New research from HomeLoanRates.com.au, conducted by Primara Research, reveals the true annual property tax bill facing the average Australian property owner - and the surprising leader is the ACT at $5,837 per dwelling per year, 36% above the national average of $4,284 and ahead of Victoria at $5,108.
Despite Sydney's status as Australia's most expensive property market, NSW sits at $4,189 per year - $1,648 below the ACT and 28% behind the national leader.
Most states collect through a similar structure: municipal rates carrying 65-70% of the annual bill, land tax around 20-25%, and other levies the remainder. NSW, Victoria and the Northern Territory are the exceptions.
NSW concentrates 56% of its burden in land tax, ranking second per dwelling at $2,357 despite a high apartment concentration suppressing the average, while its municipal rates ($1,771) are the lowest of any state, 20% below the national average of $2,213.
Victoria runs closest to an even split. The NT collects no land tax at all.
The ACT shares the majority composition but at a significantly higher base, the result of a 2012 reform program originally designed to phase out stamp duty, leaving it with below-average stamp duty and the highest ongoing rates in the country.

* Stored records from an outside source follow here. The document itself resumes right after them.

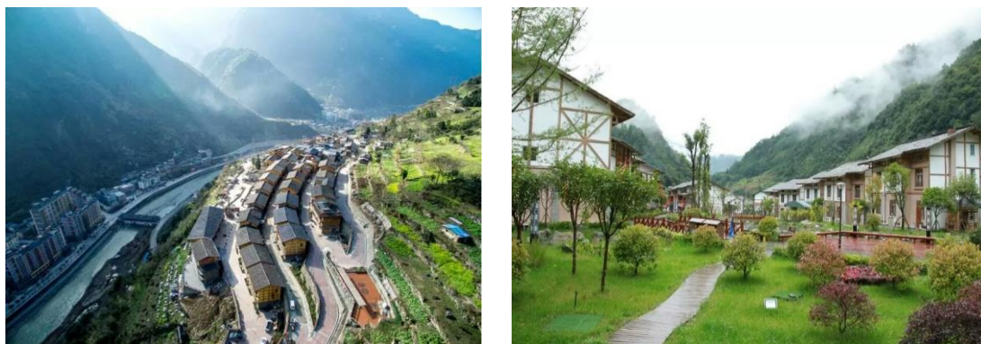
组图二：美丽乡村项目雪山村（左）、邓池沟（右）

在宝兴县穆坪镇雪山村开展美丽乡村项目，项目主要对村庄规划、建筑方案设计，农房重建补助、村庄公共建筑（知青房、村民活动中心、村庄老人儿童文化中心）、合作社的产业发展（特色民宿旅游和特色餐饮）以及合作社能力培训等方面进行支持；在宝兴县蜂桶寨乡邓池沟（青坪村、和平村）开展美丽乡村项目，项目主要对村庄规划、建筑方案设计、农房重建补助，村庄公共建筑（“熊猫之家”文化中心、民俗文化活动中心）合作社能力培训等方面进行支持。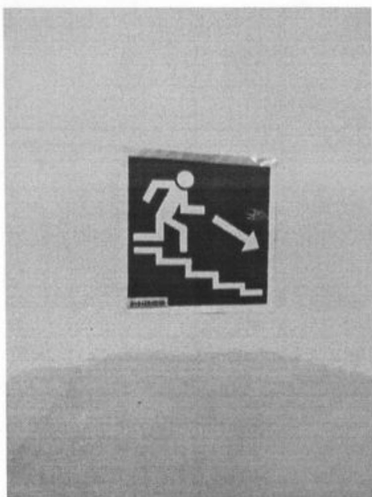
Табличка направление движения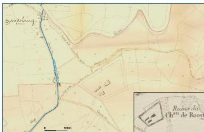
Het kasteel van Roost en omgeving omstreeks het begin van de 19de eeuw zoals afgebeeld op de Atlas van de Buurtwegen. Hoewel nog steeds gebouwen aanwezig waren, blijkt het kasteel volgens de gelijktijdige Vandermaelenkaart al grotendeels vervallen.

Eind 18de begin 19de eeuw werden de oorspronkelijke binnen- en buitenste slotgrachten gedempt en werd een nieuwe gracht gegraven rond het perceel. Door de hoge kosten en het vervallen van de heerlijke rechten had het kasteel nog weinig nut voor de kasteeleigenaren. Uit een algemeen verslag over de gemeente Haacht uit 1830 blijkt dat het kasteel in 1828 werd afgebroken ' ...er heeft tot in 't jaer 1828, wanneer men 't heeft afgebroken, een oud kasteel oft fort, genaamd het kasteel van Roost, digt aen de rivier de Dyele, gestaen '. Hoewel onbewoond, stonden de neerhofgebouwen nl. een woonhuis met stal en een schuur, nog overeind.. Uiteindelijk brandde het neerhof af in 1833. Het bouw materiaal van het kasteel werd hergebruikt en zou, vooral in kelders en onderbouw, nog te vinden zijn in de vooroorlogs huizen in de gemeente.. Een dikke houten balk uit het kasteel zou ook gebruikt zijn als spil voor de bouw van de oude Keerbergse molen.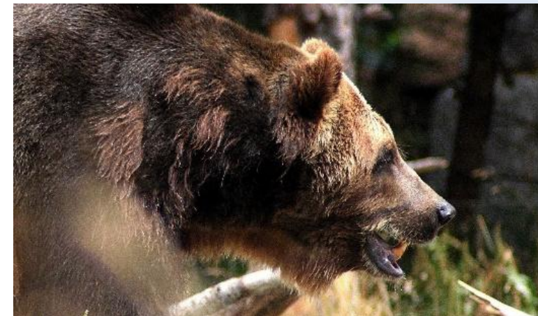
Нападение диких зверей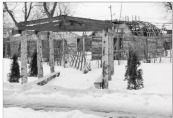
Kahronianhonha Mohawk Immersion School

L'arboretum ressemble à une cabane traditionnelle, l'habitation typique du peuple Iroquois. En lien avec la tradition, le bâtiment qui mesure trois mètres par six mètres (10 pieds par 20 pieds) possède une ouverture du côté est pour admirer le lever du soleil à chaque jour. À l'intérieur, il y a des bancs pour permettre aux élèves de suivre les cours à l'extérieur ou de réfléchir tout simplement. Six cèdres ont été plantés autour du périmètre du bâtiment. Le cèdre est l'arbre traditionnel des Iroquois et on lui attribue un effet apaisant. Les membres de la communauté scolaire ont planté des ipomées de Horsfall, ou gloires du matin, et des plantes grimpantes sauvages pour couvrir la structure et faire de l'ombre durant les mois les plus chauds.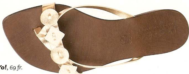
Yo! , 69 fr.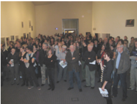
... Keiner geht hin und voll ist es trotzdem immer. Interessiert ...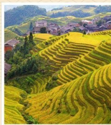
นาขั้นบันไดหลงจี้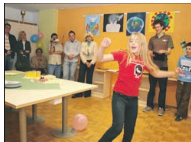
Obiskovalci so uživali v programu, v katerem je bilo veliko plesa.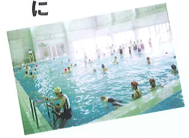
海水プール芸西/目前に広がる美しい琴ヶ浜を眺めながら、海水が持つ天然の成分を利用したタラソテラピーで「こころ」も「からだ」も癒される。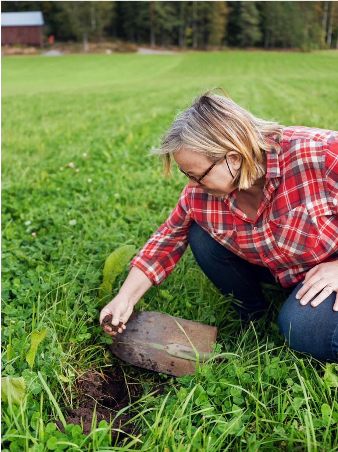
Kuva 13. Monivuotiset apilanurmet ruokkivat maaperäeliöstöä ja lisäävät peltomaan multavuutta.

Kaikissa tutkimuksissa ei eroja maaperän mikrobiyhteisöjen monimuotoisuudessa luomu- ja tavanomaisten viljelykäytäntöjen välillä ole havaittu (esim. Reganold & Wachter 2016). Hiljattain tehdyissä meta-analyseissa on saatu osin ristiriitaista tietoa luomuviljelyn vaikutuksesta maaperän biologiseen monimuotoisuuteen (de Graaff ym. 2019, Christel ym. 2021). Haasteena luomuviljelyn vaikutusten erottamisessa meta-analyysissä on, että tuotantotapoihin liittyvät toimenpiteet erosivat suuresti kokeiden välillä. Yleensä tavanomaista ja luonnonmukaista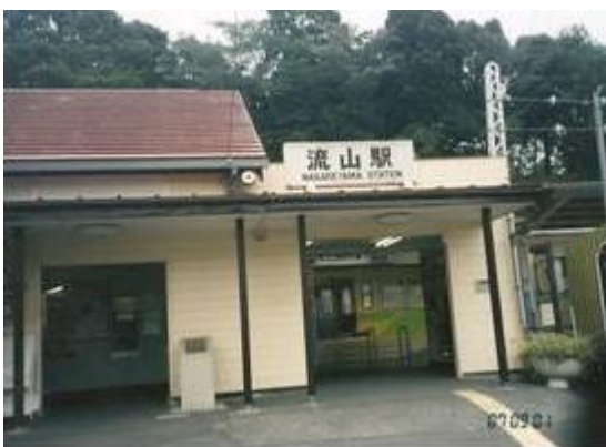
No80. 流山駅 20070901 (土) 14:42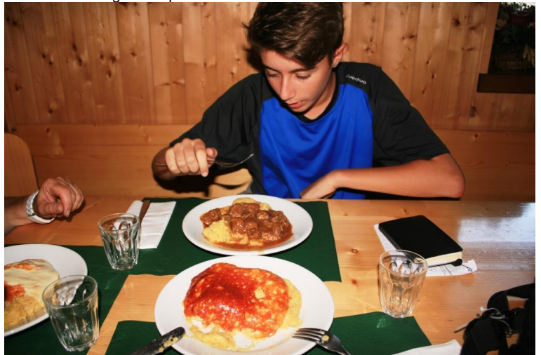
Polenta con spezzatino e con formaggio fuso... !!!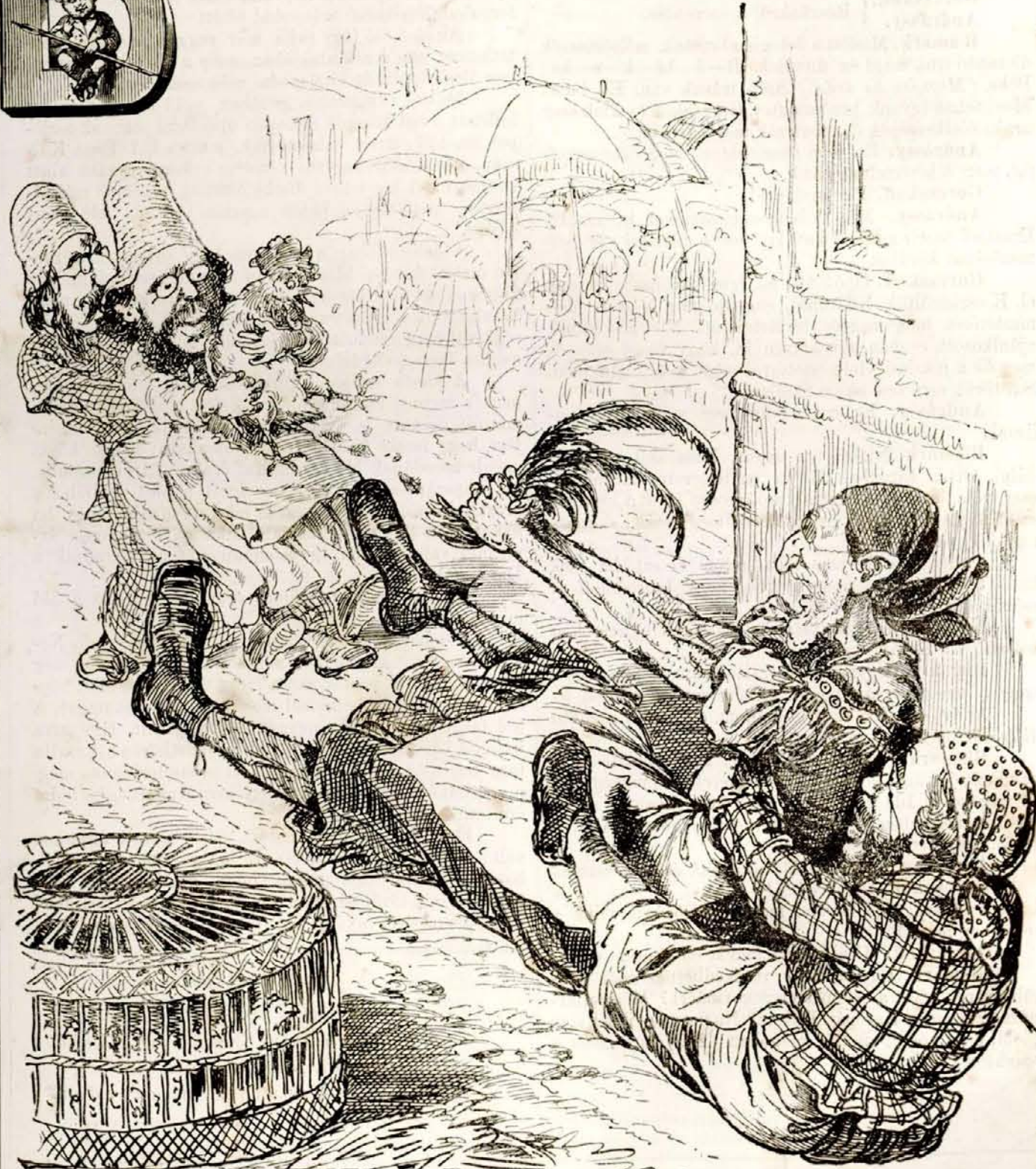
T—A K—N. Még sem lett övök az egész!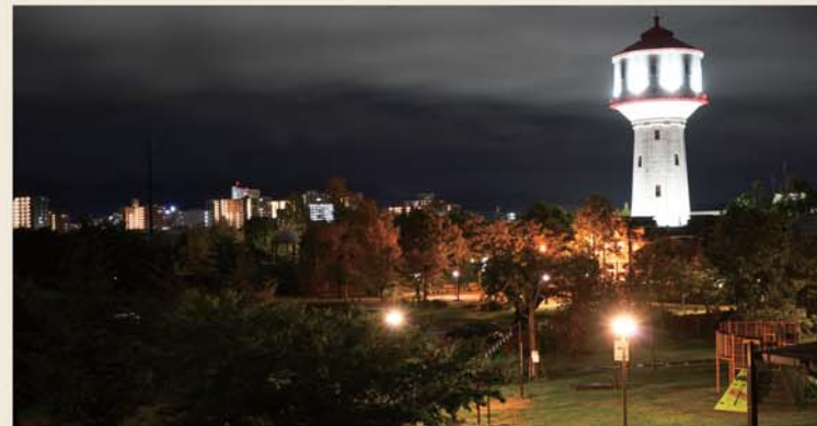
▲21時までライトアップ。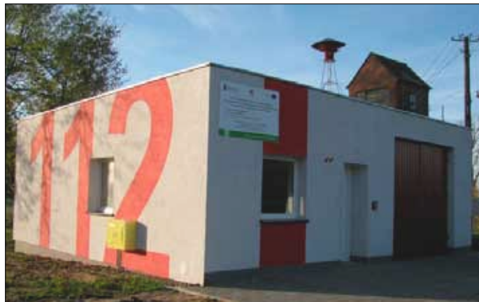
Budynek Remizy OSP w Drozdowie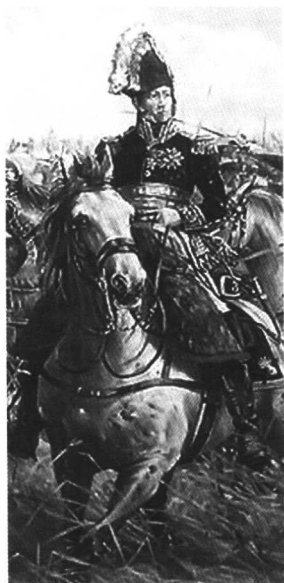
战场上的内伊元帅 若米尼在法军的恩人和靠山— 大军第6军军长内伊元帅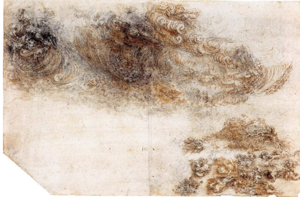
Şekil 4: Leonardo da Vinci, Diluvio, 1515, Royal Library collection

Kutsal kitaplarda yazan kıyamet günü bulutların ve şiddetli rüzgarların gazabına uğrayacaksınız ifadesi çalışmalarda; dağların doruklarında sarmalanmış bulutlar, kayalara vuran dalgalara benzer şekilde tasvir edilir. Toz, sis ve yoğun bulutlardan oluşan bu atmosfer koyu renklerin kullanımından kaynaklanan korkunç bir hava izlenimi verir. Yine Kutsal kitaplardaki imge betimlemelerinde karşılaştığımız doğal unsurların karakterizasyonu yansıtan dilsel ve görsel kodlar kullanır. Dağlardan inen yağmur suları vadilerden aşağı inerek evleri harabeye çevirir, nehirlerden akan sular taşarak su setlerini kırar, çok büyük dalgalar halinde akarak gelen sel, şehirlerin duvarlarını yıkmış gibi tasvir edilir.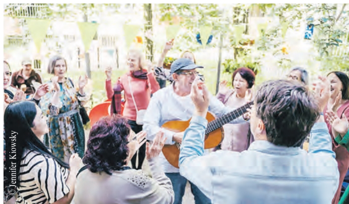
Ob Hof-Konzert, Picknick, Müllsammelaktion oder ein gemeinsamer Spaziergang durch das Viertel – am 31. Mai kommen Menschen bei Nachbarschaftsaktionen zusammen.

Die Ausstellung kann jeweils montags bis freitags von 9 bis 19 Uhr im VHS-Zentrum Ost am Berner Heerweg 183 besucht werden. Der Eintritt ist frei.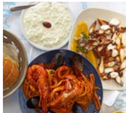
纳克索斯岛是个吃海鲜的好地方。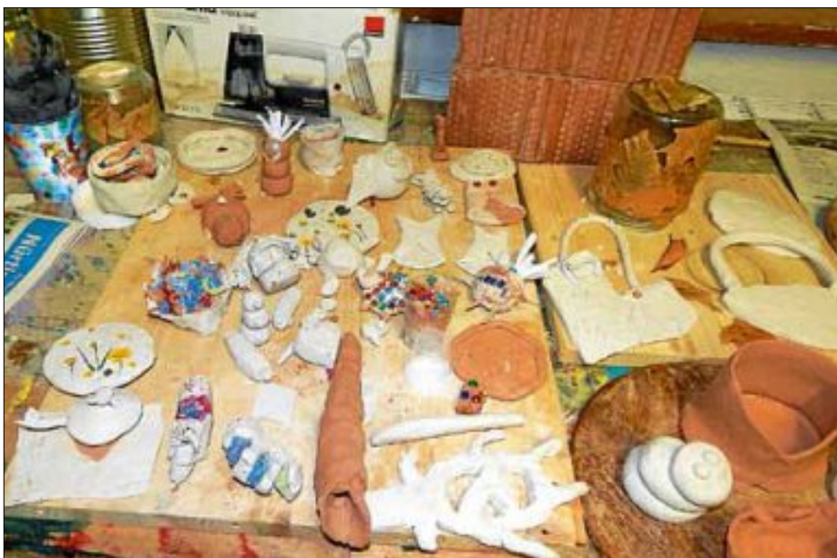
Übrig gebliebene Töpfersachen vom FiFeFo Pfingsten 2018.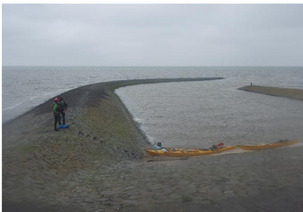
het “haventje” van Roptazijl

Harlingen: De grootste haven van het Wad met veel scheepvaartverkeer, mede omdat het Van Harinxmakanaal daar uitkomt. Kano's kunnen het beste aan het uiteinde van de zuidelijke arm van de haven te water gaan. Daar kun je ook je auto in de buurt laten staan. Een alternatief is op een plek met lage oevers in de grachten van Harlingen in te stappen. Nadeel is dan dat je geschut moet worden voor je de buitenhaven in kunt varen. Niet alle sluizen in de stad worden bediend.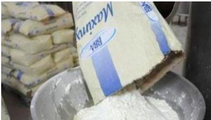
L'Europe envahit l'Afrique de poudre de lait à l'huile de palme, dénoncent des ONG

La surproduction de lait européen fait chuter les prix au détriment des éleveurs européens, mais aussi des éleveurs de l'Afrique de l'Ouest concurrencés par de la poudre moins chère que le lait local. Une poudre de lait écrémé réengraissée à l'huile de palme, un non-sens écologique, dénoncent SOS Faim, Oxfam et Vétérinaires Sans Frontières avec des éleveurs d'Europe et d'Afrique de l'Ouest réunis respectivement dans l'European Milk Board et la coalition " Mon lait est local ".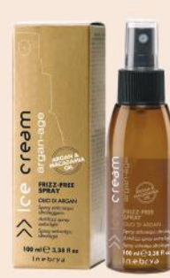
ARGAN-AGE FRIZZ-FREE SPRAY 100ml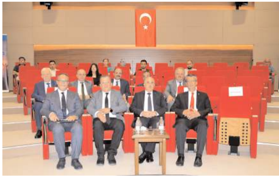
Programa protokol üyeleri de katıldı.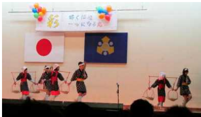
(郷土芸能：湯担い節)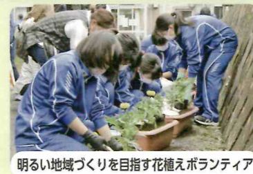
明るい地域づくりを目指す花植えボランティア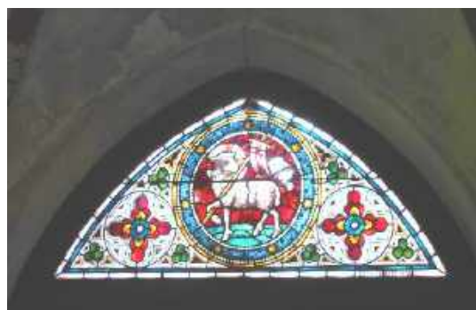
Kreuzgang, einziges erhaltene Fenster

In der St. Laurentii Kirche ist heute eine Armenische Hochzeit aber für eine Besichtigung des Kreuzganges aus dem 13 Jh. ist noch Zeit.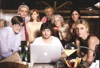
HAPPY FAMILY von Gabriele Salvatores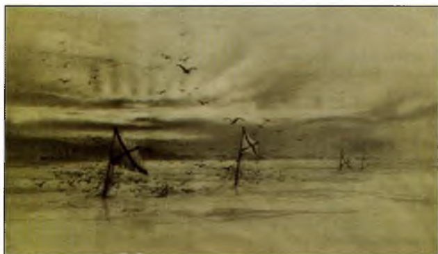
Затопленные «Варяг» и «Кореец»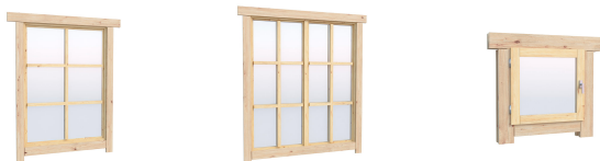
Fenster 0.87×1.17 м.3 шт. Fenster 1.34×1.17 м.1 шт. 0.40×0.38 м.1 шт.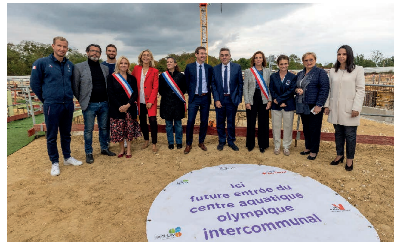
2 / UN TERRITOIRE SÛR ET SOLIDAIRE

Avec des travaux débutés fin 2021, le chantier du futur centre aquatique olympique intercommunal suit normalement son cours avec une livraison programmée début 2024. Le recrutement du futur directeur de l'équipement sportif se fera à la rentrée 2023.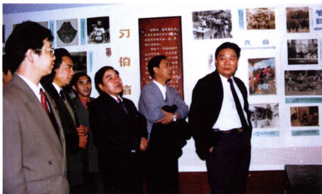
◀ 时任湖南省委书记王茂林在会同县粟裕纪念馆考察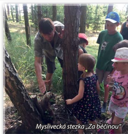
Myslivecká stezka „Za běčinou“

Máme radost z hojné účasti místních obyvatel, ať už jsou majiteli pozemků, na kterých myslivecky hospodaříme či nikoli, na našem už tradičním letním „Mysliveckém kotlíku pro sousedy a přátele myslivosti“ na louce „Běčina“ u Popůvek. Dá nám každý rok docela dost práce zajistit a rozmístit preparáty na myslivecké stezce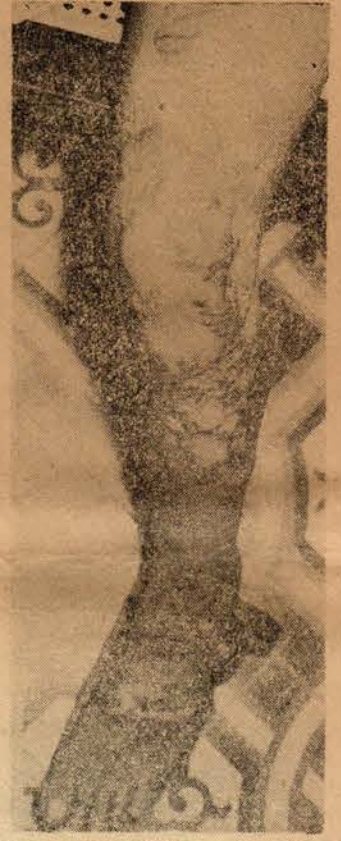
İŞTE JENOSİTİN TANIKLARI:

paralele doğru güneye indik. Yerle bir edilmiş kentler, kasabalar gördük: Phuly, Phat Diem, Ninh Binh, Nam Dinh... Hanoi'de Cia Lam, Long Bien mahalleleri yakılmış, yıkılmış... Hue sokağında enkaz altından çocuk cesetleri, kadın, ihtiyar cesetleri çıkarılırken oradaydım. Hoan Kiem hastahanesinin bombalandıktan hemen sonra halini gördüm. Mahkemenin Kopenhag'daki ikinci oturumunda üç Amerikan askeri tanıklık etti. Esirleri, tutukluları konuşurma ince sanatının uzmanlarıymışlar. Bir bir anlattılar neler yaptıklarını. Bunlar katliâm, kıyım değil mi? Köy meydanında yüzlerce mâsumu kurşunlamakla, havadan yağdırılan napalm veya bilyalı bombalarla öldürmek arasında ne fark var? Göz görmeyince gönül katlanır deyip, havadan ölüm saçanları mâzur mu göreceğiz?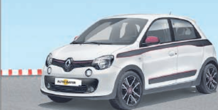
RENAULT TWINGO HIGHLIGHT SCE 70 ECO 2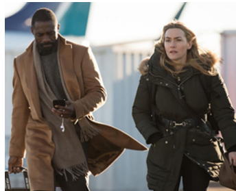
2017 LA MONTAGNE ENTRE NOUS (The Mountain between us) d'Hany Abu-Assad avec K. Winslet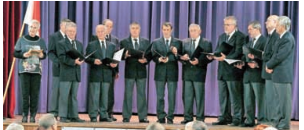
Na slovesnosti so prepevali člani Moškega pevskega zbora Podnart.

roču kegljanja, malce kas-neje pa tudi želja po smuča-nju. Člane društva od nekdanj navdušujejo tudi gorenjski vrhovi, na katere se radi povzpnejo, zlasti ženski del društva pa še vedno v veli-kem številu organizira in obiskuje telovadbo. Dogradi-tev dvosteznega balinišča v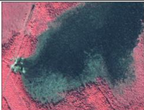
Рис. 1. Нефтяное загрязнение с массивом погибшего леса на космическом снимке QuickBird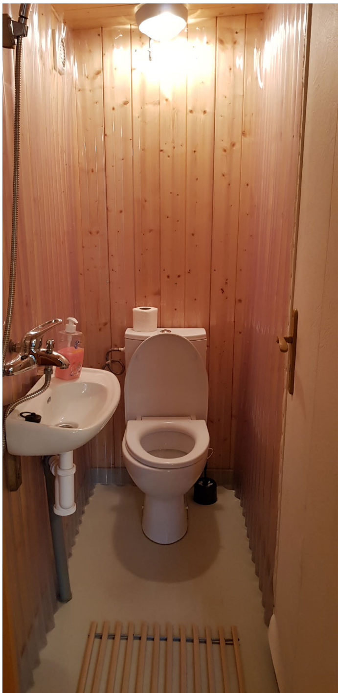
Sprcha a WC ve vedlejší budově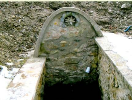
Voda pri Rimskem vrelcu še teče.

doline oziroma iz Slovenj Gradca mimo Sel, Poštarskega doma in čez Plešivec. Ja, ena je še, in sicer z Razborja, na našo Goro pa lahko pridemo tudi iz Belih vod. Mi smo ubrali eno našo, bolj svojstveno pot, zato ker sem želel najprej poslikati nekoč biserno lep in spominov poln Rimski vrelec. Kot sem že omenil, smo si tu natočili za na pot kiseve vade . Namenoma nisem napisal, kako dolgo smo hodili, priznam pa, da bi me takoj ujeli, ker sem bolj počasen. Pa ne zaradi pomanjkanja kondicije, ampak samo zato, da bi za vas vsrkal čimveč lepih vtisov. Poti so dobro markirane in na tablah točno piše, kako dolgo se hodi, če si dovolj hiter, seveda. Priporočam vam, da si izberete tisto, ki vam bo najbolj ustrezala. Kot sem že obljubil, drugič pa že na malo bolj zahtevno in malo višje, mogoče pa vas vzamem s seboj.

In NSW, a full year of property taxes amounts to just 6% of the average stamp duty bill.
In the ACT that figure is 15%, more than double, with a national average of 7%. For owners who stay rather than move, the ongoing bill eventually becomes the larger cost: in the ACT within seven years, nationally around 14, in NSW around 18.
"NSW extracts its tax revenue at the point of sale," said Peter Drennan, head of research and data at Primara Research.
The ACT does the opposite, lower entry cost, higher annual holding cost.
"Both are substantial.
"They just land at different points in ownership."
NSW annual property taxes are growing faster than any other state, up 43% over five years and 11% last year, almost double the national average.
The average Australian pays $1,075 more per year than five years ago, $1,254 in NSW and $1,435 in Victoria.
Cumulatively, ACT property owners have paid an estimated $47,700 over a decade, ahead of Victoria at $39,000, the national average at $33,500, and NSW at $30,800.
"Rising land values feed directly into land tax in states where it dominates the bill," Drennan said.
"In NSW, where land tax accounts for 56% of the annual burden, growing property values mean growing tax obligations, compounding ownership costs in ways that rarely feature in affordability discussions.
"Stamp duty gets the attention.
"The annual bill is the one that keeps climbing."